As mentioned earlier, each vault has an option delta. The textbook definition of delta is the amount an option price is expected to move based on a $1 change in the underlying. If a call option has a$0.1 delta, the price of the option will increase or decrease $0.1 for every$1 change in the underlying. Calls have a range of delta values between 0-1, puts have a range between -1-0. As the option approaches expiration the delta for ITM options will approach 1 for calls and -1 for puts, while the delta for OTM options will approach 0. For calls an exercised option represents "stock" purchased by the option buyer, likewise puts represent "stock" sold by the option buyer. For both calls and puts an OTM option after expiration has no intrinsic value. Keep in mind that the option delta is relative to the position of the strike price compared to the spot price of the underlying. In other words, an option further ITM will always have a higher delta than an option further OTM.
Another way of thinking about delta is that it is a proxy for an options probability of expiring ITM. Consider the following example, we have two wETH calls, and the spot price is $2000: 1. 1. Strike -$2200, Maturity - 1 week
2. 2.
Strike - \$2500, Maturity - 1 week
Since option 1 is closer ITM than option 2, it will have a higher delta due to the fact that as time decays the first option has a higher likelihood of expiring ITM. Similarly, if the wETH spot price increases, the delta for both options will also increase, but the delta of option 1 will remain higher than that of option 2.
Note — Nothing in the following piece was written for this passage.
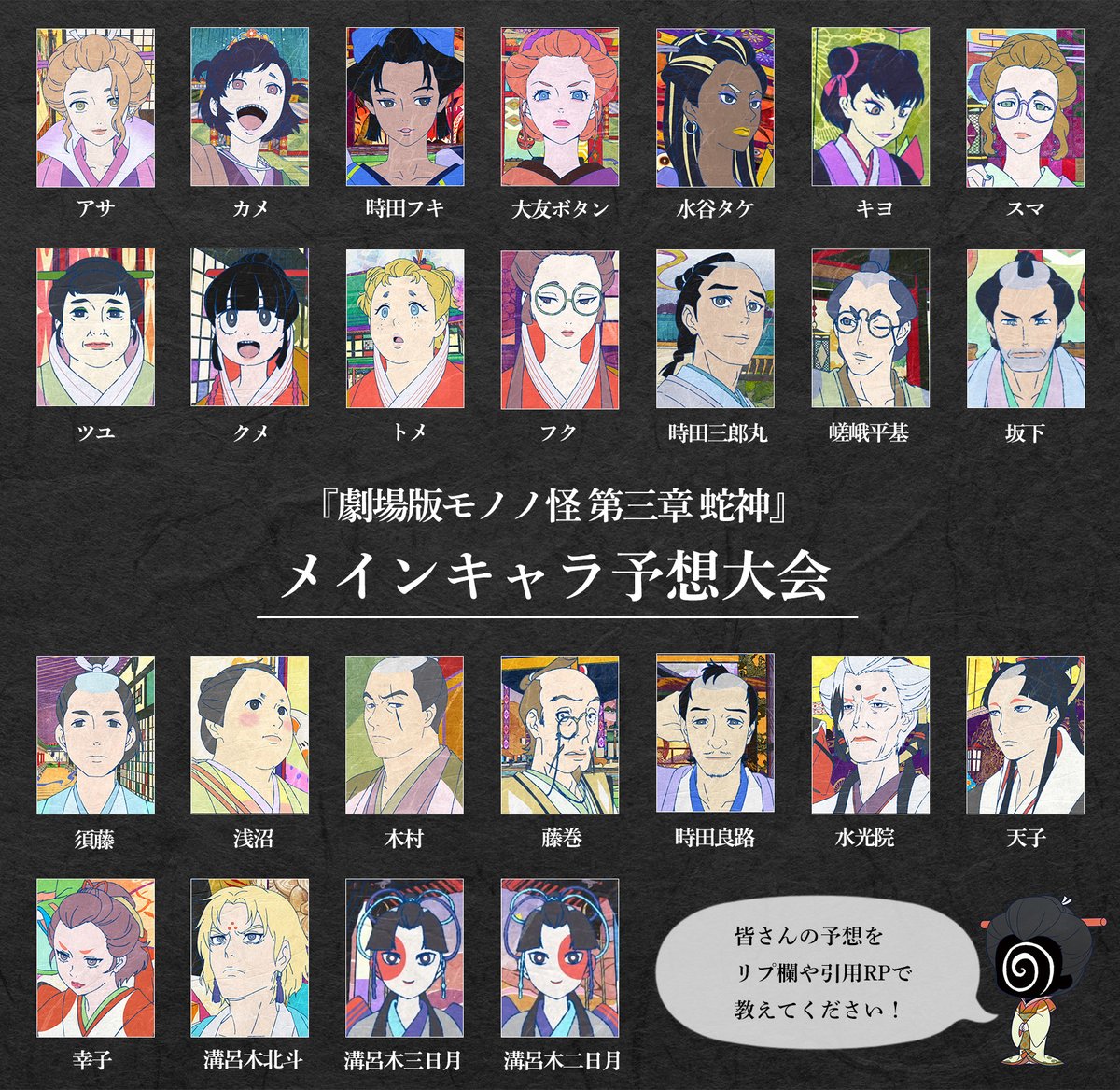 @anime_mononoke◤◢◤◢◤◢◤◢◤◢◤◢◤◢◤◢◤◢ 最終章のメインキャラクターは誰⁉️ ◤◢◤◢◤◢◤◢◤◢◤◢◤◢◤◢◤◢ 『#劇場版モノノ怪 第三章 蛇神』予想大会🎯 次のエピソードメインキャラクターは誰でしょう? ↓↓↓リプ欄や引用RPで皆様の予想を教えてください✨ pic.x.com/1lgoEKH1N7

#### Delta Strike Selection

Under the delta strike formula, we determine a strike price
$K_{delta}$
at a specific option delta as a function of implied volatility
$\sigma$
. In other words, if we know
$\sigma$
, we can obtain
$K_{delta}$
, provided that the spot price, time to expiration, and option delta are constants. We can therefore create vaults with varying levels of relative risk and return.

### Option Pricing

Knox Finance will offer a certain quantity of options to be sold at a pre-specified time, and pre-determined strike. Our vaults enable price discovery to occur on-chain via a Linear Gradual Dutch Auction (LGDA). During the allotted time period, options will be written at a price specified by a linear curve. The implied volatility of the option will start at a maximum value (
$\sigma_{\max}$
) and it will be gradually decremented according to the remaining time in the auction to a minimum reserve implied volatility (
$\sigma_{\min}$
). A bidder will have the chance to secure this price for a given lot size, depending on how much capital has been utilized prior to their bid.